EXERCISE:
In the data below, the answer is the run of lines from the line containing "始めに笑福亭呂好さんから高座" through the line containing "External Tool 了", both included; print it exactly and nothing else.

SUPPLIED RECORDS:

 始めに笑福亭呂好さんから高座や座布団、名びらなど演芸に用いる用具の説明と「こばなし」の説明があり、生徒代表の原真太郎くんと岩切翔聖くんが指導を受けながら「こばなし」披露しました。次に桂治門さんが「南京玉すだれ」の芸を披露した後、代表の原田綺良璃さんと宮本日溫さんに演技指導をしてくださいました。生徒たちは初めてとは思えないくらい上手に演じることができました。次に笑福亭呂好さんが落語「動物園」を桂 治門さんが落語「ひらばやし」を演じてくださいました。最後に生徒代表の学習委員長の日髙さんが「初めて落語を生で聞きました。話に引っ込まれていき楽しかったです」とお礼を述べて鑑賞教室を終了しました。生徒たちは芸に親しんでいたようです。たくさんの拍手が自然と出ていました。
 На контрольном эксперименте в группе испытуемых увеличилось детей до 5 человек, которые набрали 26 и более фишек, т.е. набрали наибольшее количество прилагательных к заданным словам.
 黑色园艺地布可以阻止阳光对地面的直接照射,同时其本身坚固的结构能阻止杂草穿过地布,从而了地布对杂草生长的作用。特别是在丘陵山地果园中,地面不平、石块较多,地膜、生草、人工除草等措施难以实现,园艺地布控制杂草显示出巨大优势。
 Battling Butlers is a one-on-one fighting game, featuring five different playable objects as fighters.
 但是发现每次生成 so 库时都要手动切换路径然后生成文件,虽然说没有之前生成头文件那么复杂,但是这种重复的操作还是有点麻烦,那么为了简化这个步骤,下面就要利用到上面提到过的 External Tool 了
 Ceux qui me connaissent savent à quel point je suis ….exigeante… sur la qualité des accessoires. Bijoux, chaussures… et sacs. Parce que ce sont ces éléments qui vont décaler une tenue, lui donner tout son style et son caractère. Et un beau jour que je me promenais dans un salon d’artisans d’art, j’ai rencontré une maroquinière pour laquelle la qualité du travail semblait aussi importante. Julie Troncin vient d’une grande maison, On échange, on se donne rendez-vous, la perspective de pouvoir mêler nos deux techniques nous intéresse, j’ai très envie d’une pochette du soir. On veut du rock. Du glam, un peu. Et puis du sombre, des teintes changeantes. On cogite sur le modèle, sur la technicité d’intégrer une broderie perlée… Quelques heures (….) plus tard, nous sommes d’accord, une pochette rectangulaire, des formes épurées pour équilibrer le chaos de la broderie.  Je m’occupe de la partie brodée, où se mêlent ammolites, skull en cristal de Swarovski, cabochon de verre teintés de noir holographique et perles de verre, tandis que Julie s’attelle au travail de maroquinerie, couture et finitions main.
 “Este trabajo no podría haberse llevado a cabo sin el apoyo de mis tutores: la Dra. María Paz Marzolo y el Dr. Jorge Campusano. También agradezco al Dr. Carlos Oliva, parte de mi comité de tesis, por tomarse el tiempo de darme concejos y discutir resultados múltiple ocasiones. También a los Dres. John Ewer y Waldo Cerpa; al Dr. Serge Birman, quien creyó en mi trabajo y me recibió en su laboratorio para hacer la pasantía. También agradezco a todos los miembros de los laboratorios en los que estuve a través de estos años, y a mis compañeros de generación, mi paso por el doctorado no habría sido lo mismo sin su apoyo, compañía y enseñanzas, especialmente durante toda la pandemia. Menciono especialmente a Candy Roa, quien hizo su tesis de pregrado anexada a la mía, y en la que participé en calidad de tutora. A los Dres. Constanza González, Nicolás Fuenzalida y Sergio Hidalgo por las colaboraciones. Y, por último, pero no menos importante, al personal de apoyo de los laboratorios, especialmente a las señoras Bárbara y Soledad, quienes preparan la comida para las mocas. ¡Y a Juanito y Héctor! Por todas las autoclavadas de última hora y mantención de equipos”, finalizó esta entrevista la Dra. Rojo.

---

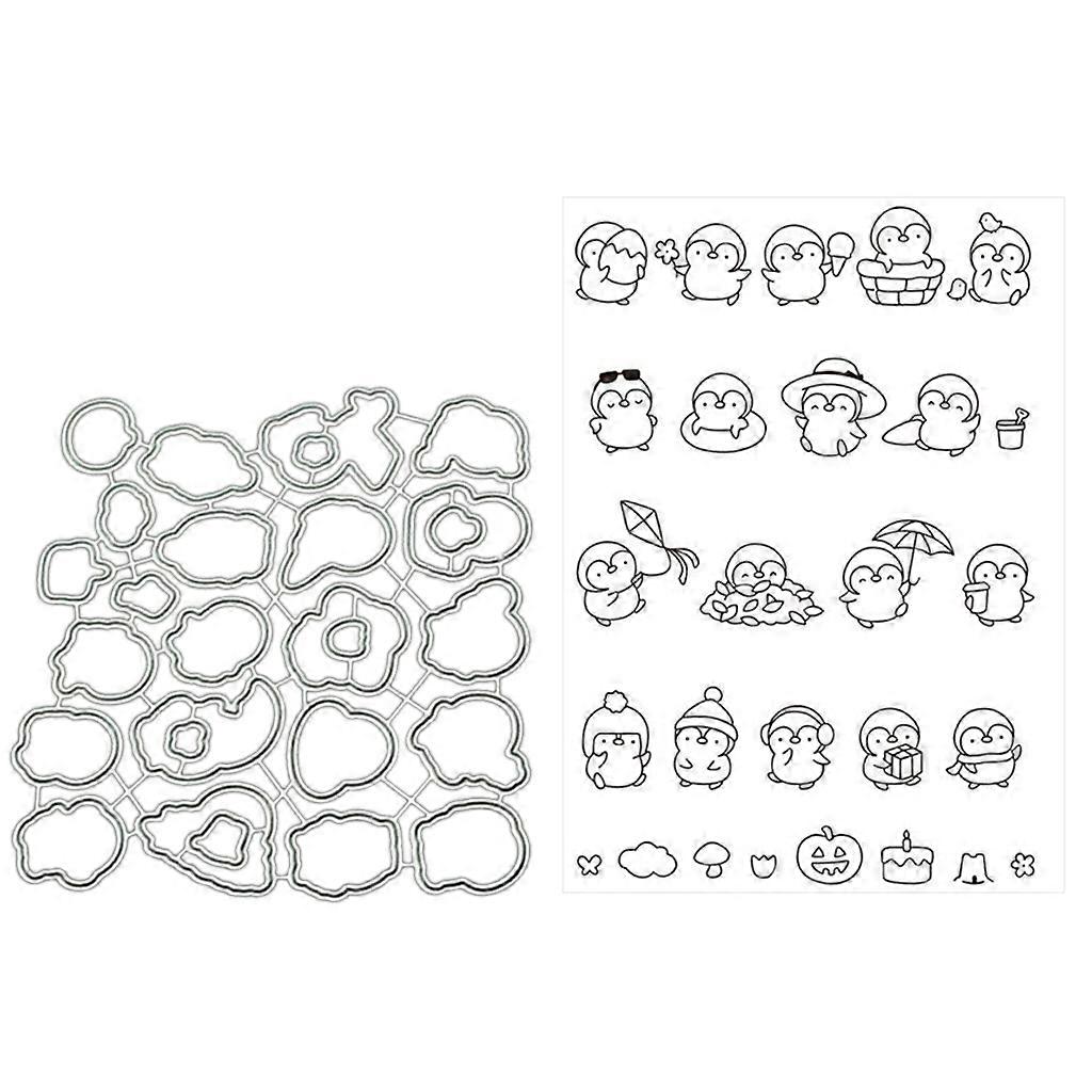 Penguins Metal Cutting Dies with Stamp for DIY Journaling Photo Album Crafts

OUTPUT BELOW:
 始めに笑福亭呂好さんから高座や座布団、名びらなど演芸に用いる用具の説明と「こばなし」の説明があり、生徒代表の原真太郎くんと岩切翔聖くんが指導を受けながら「こばなし」披露しました。次に桂治門さんが「南京玉すだれ」の芸を披露した後、代表の原田綺良璃さんと宮本日溫さんに演技指導をしてくださいました。生徒たちは初めてとは思えないくらい上手に演じることができました。次に笑福亭呂好さんが落語「動物園」を桂 治門さんが落語「ひらばやし」を演じてくださいました。最後に生徒代表の学習委員長の日髙さんが「初めて落語を生で聞きました。話に引っ込まれていき楽しかったです」とお礼を述べて鑑賞教室を終了しました。生徒たちは芸に親しんでいたようです。たくさんの拍手が自然と出ていました。
 На контрольном эксперименте в группе испытуемых увеличилось детей до 5 человек, которые набрали 26 и более фишек, т.е. набрали наибольшее количество прилагательных к заданным словам.
 黑色园艺地布可以阻止阳光对地面的直接照射,同时其本身坚固的结构能阻止杂草穿过地布,从而了地布对杂草生长的作用。特别是在丘陵山地果园中,地面不平、石块较多,地膜、生草、人工除草等措施难以实现,园艺地布控制杂草显示出巨大优势。
 Battling Butlers is a one-on-one fighting game, featuring five different playable objects as fighters.
 但是发现每次生成 so 库时都要手动切换路径然后生成文件,虽然说没有之前生成头文件那么复杂,但是这种重复的操作还是有点麻烦,那么为了简化这个步骤,下面就要利用到上面提到过的 External Tool 了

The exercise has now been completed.